Yield prediction for precision agriculture using extreme gradient boosting and support vector regression
Abstract
The rate of population growth of southern Asia is rising dramatically. As a part of
this area, Bangladesh is no different. Moreover, the cultivable lands are declining at
a huge rate. So to maintain the balance between the food production and consumer
demand, we need to know the yield of the crop earlier to maintain the balance as
well as ensuring the food security of the people. Hence, food production in a precise
manner needs to be introduced to get more production in a small amount of land.
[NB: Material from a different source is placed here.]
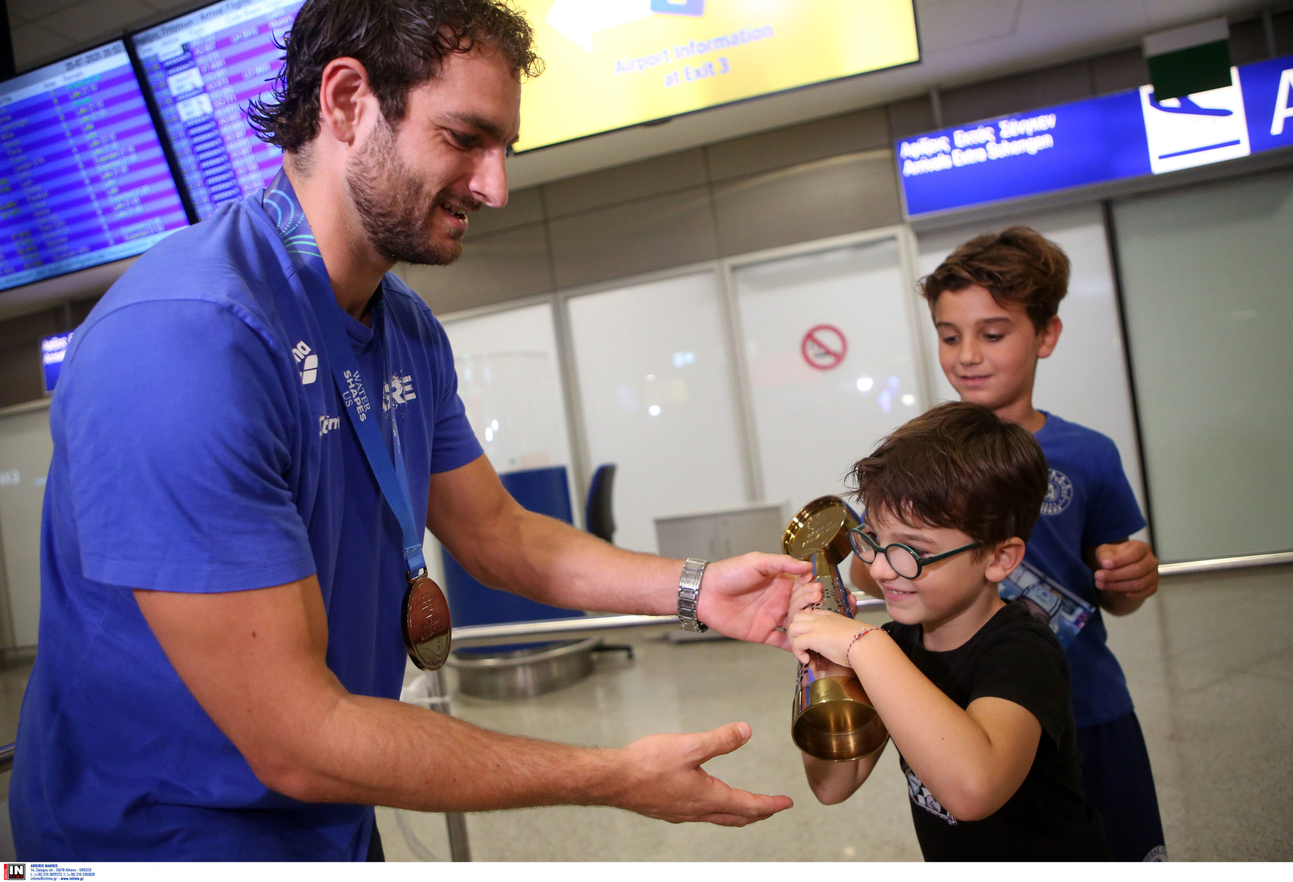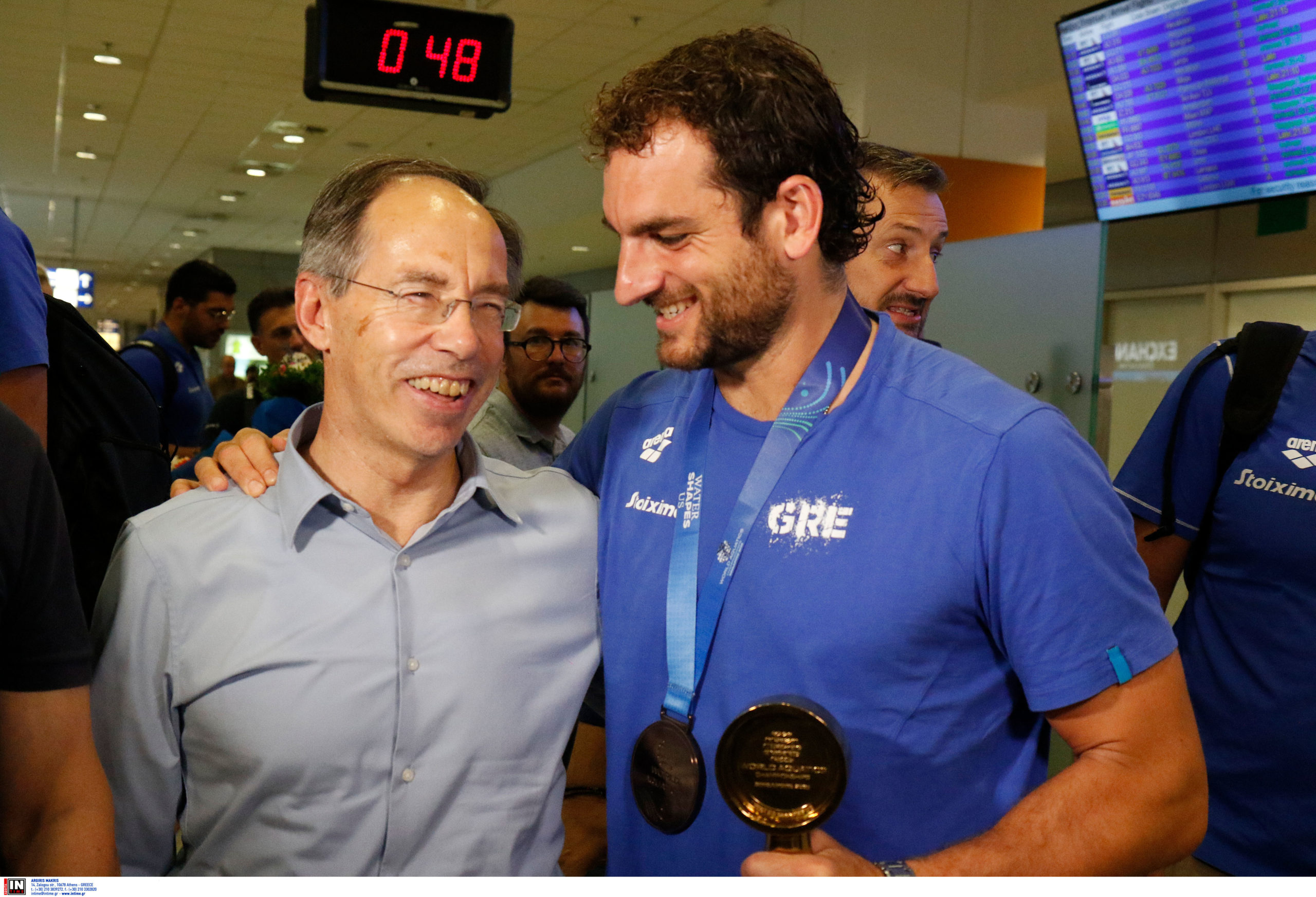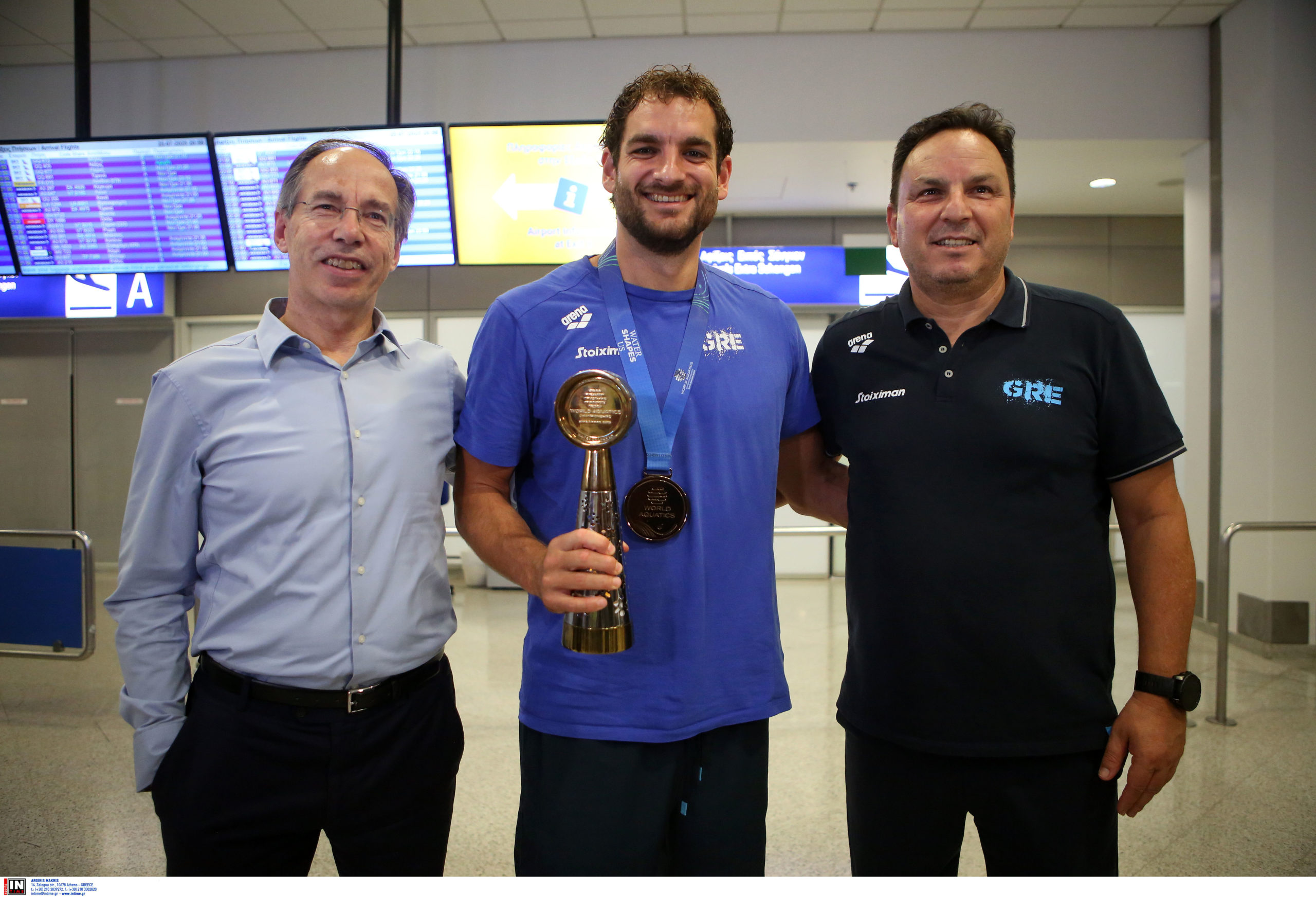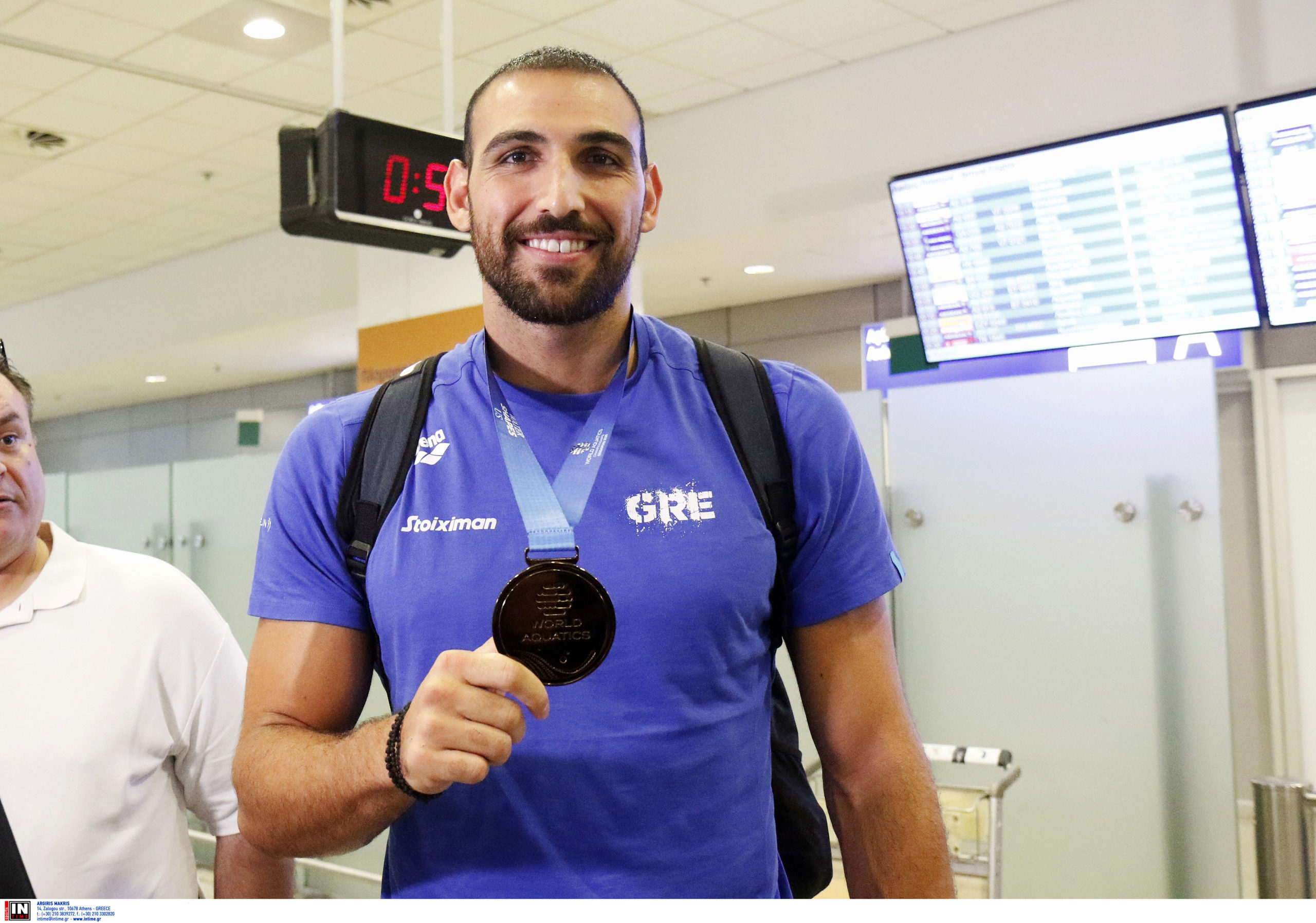 Γεμάτη χαμόγελα και περηφάνια, η Εθνική ομάδα πόλο των ανδρών επέστρεψε το βράδυ της Παρασκευής (25/7) από τη Σιγκαπούρη, έχοντας στις αποσκευές της το χάλκινο μετάλλιο από το Παγκόσμιο Πρωτάθλημα. Λίγες ώρες μετά την επιστροφή της γυναικείας ομάδας, σειρά πήραν οι άνδρες του Θοδωρή Βλάχου, οι οποίοι γνώρισαν αποθεωτική υποδοχή στο αεροδρόμιο «Ελευθέριος Βενιζέλος».

From this concept “Precision Agriculture” term has come. Since rice is the staple food of Bangladesh so this research tries to demonstrate precision agriculture in
terms of paddy. This research proposes a system which is capable of predicting yield
of paddy based on different parameters. For this prediction, two machine learning
approaches are used, such as XGBoost and Support Vector Machine (SVM) that can
predict the yield of aus, aman and boro based on the relevant features. The main
objective of this system is to optimum paddy production using the minimum inputs
to demonstrate precision agriculture in terms of paddy production. The result of
the prediction will assist the farmers to take necessary steps if needed to increase
the production. Again, the prediction result will help the government to take their
decisions regarding agricultural perspective. There is some research in precision
agriculture, however, there exist many scopes to use machine learning techniques
to predict the yield of the harvest which will eventually help them economically.
Therefore, this research focuses on developing an intelligent system for precision
agriculture of paddy using yield prediction of it.